Stevia is a popular non-caloric, non-glycaemic, non-insulinaemic sweetener, meaning it has no calories and affects neither blood glucose levels nor insulin levels after consuming it.


It has been estimated that stevia extracts like rebaudioside A are about 300 times as sweet as sucrose, or white table sugar.  The ground whole leaf of the stevia plant is 30-40 times as sweet as table sugar.  The two most abundant chemical compounds in stevia are stevioside and rebaudioside A and these are extracted and refined  for sale as a sweetener in many countries.  Rebaudioside A is considered to provide the best taste with no bitter aftertaste.


Some people find stevia has an unusual taste at first.  It may help to mix it with other sweeteners at first, such as raw sugar, muscovado sugar or xylitol.


Health benefits


In addition to being non-caloric, the studiesdone to date on Stevia indicate that it could have quite a raft of beneficial effects -antioxidant propertiesimproving glucose metabolism, revitalising the pancreatic beta cells which produce insulin,improving lipid profiles (cholesterol and triglycerides), stimulating the immune systemanti-tuberculosis activity,improving the solubility of other drugs, and even potentially inhibiting cancer development.


A 2004 study published in the journal Metabolism found that when type II diabetics were given 1 gram of stevioside with a test meal, compared to control subjects who were given a gram of corn starch instead, stevioside reduced the incremental area under the glucose response curve by 18%, meaning that the total amount of glucose in the blood over the 4 hours after the meal was reduced by 18%. The insulinogenic index, which is the total amount of insulin produced divided by the total amount of blood glucose (AUC,insulin/AUC,glucose) was increased by approximately 40% by stevioside compared to control, indicating that the diabetics were producing more insulin in response to the stevioside and meal.


The FDA controversy


Throughout the 1980?s the popularity of stevia as a sweetener, particularly in teas was growing.  Even large companies like Lipton and Celestial Seasonings included it in their blends.  The herb had been used throughout Asia for decades with no adverse effects and was the most popular sweetener in Japan, taking up half the non-caloric sweetener market, where artificial sweeteners like aspartame have been banned for over 30 years due to concerns over their carcinogenicity.  In 1991, the US FDA banned the import of stevia and stevia products into the US.  An article in the September 28-October 4, 2000 issue of the Sonoma County Independent quoted numerous business owners whose businesses had been stormed by FDA officials, confiscating herbal teas containing stevia, after allegedly being pressured by NutraSweet, now a Monsanto subsidiary.  In 1995, the FDA was forced to repeal its ban on stevia and allowed it to be sold as a supplement, though it could not make claims about its extraordinary sweetening properties.  Coca-cola and Pepsi, under fire for the role their beverages play in the obesity epidemic, became interested in the potential of stevia to lower the calories in their beverages without reducing the sweetness.  In 2007, researchers working for Coca-Cola filed a patent for purifying Reb. A from stevia and in 2008, the FDA approved the use of the isolated rebaudioside A compound from stevia as a sweetener in these companies’ iconic beverages.

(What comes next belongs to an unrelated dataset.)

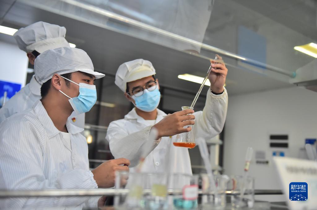 11月21日,在江西鑫鉑瑞科技有限公司實(shí)驗室,技術(shù)人員在進(jìn)行化學(xué)實(shí)驗。
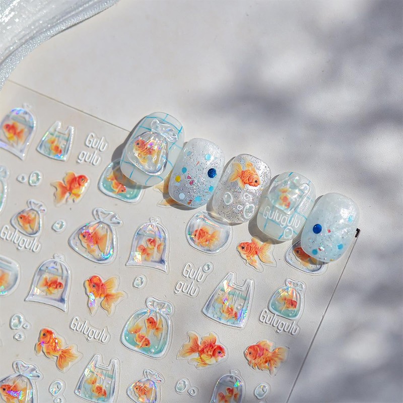- Safely Materials: 5D goldfish nail stickers are made of environmentally friendly materials, safe, you can use it with confidence

Truvia, Coca-cola’s brand of stevia extract and PureVia, Pepsi’s version, are manufactured using an extraction and purification process which involves the use of toxic and dangerous solvents like acetone and methanol.  Other methods, using only water or water and alcohol are available.


The fertility debate


Anecdotes in online forums


There are some posts by women in online forums that indicate that stevia has adversely affected their menstrual cycle, although these posts are generally by women who have pre-existing hormonal conditions, such as PCOS that are equally as likely to be the cause of cycle irregularity.  It is impossible to rule out coincidence when dealing with the experiences of a single individual.  You can never reproduce the exact set of circumstances in which the ‘reaction’ occurred so it is impossible to know whether these menstrual cycle irregularities can really be attributable to stevia use or whether they would have occurred anyway.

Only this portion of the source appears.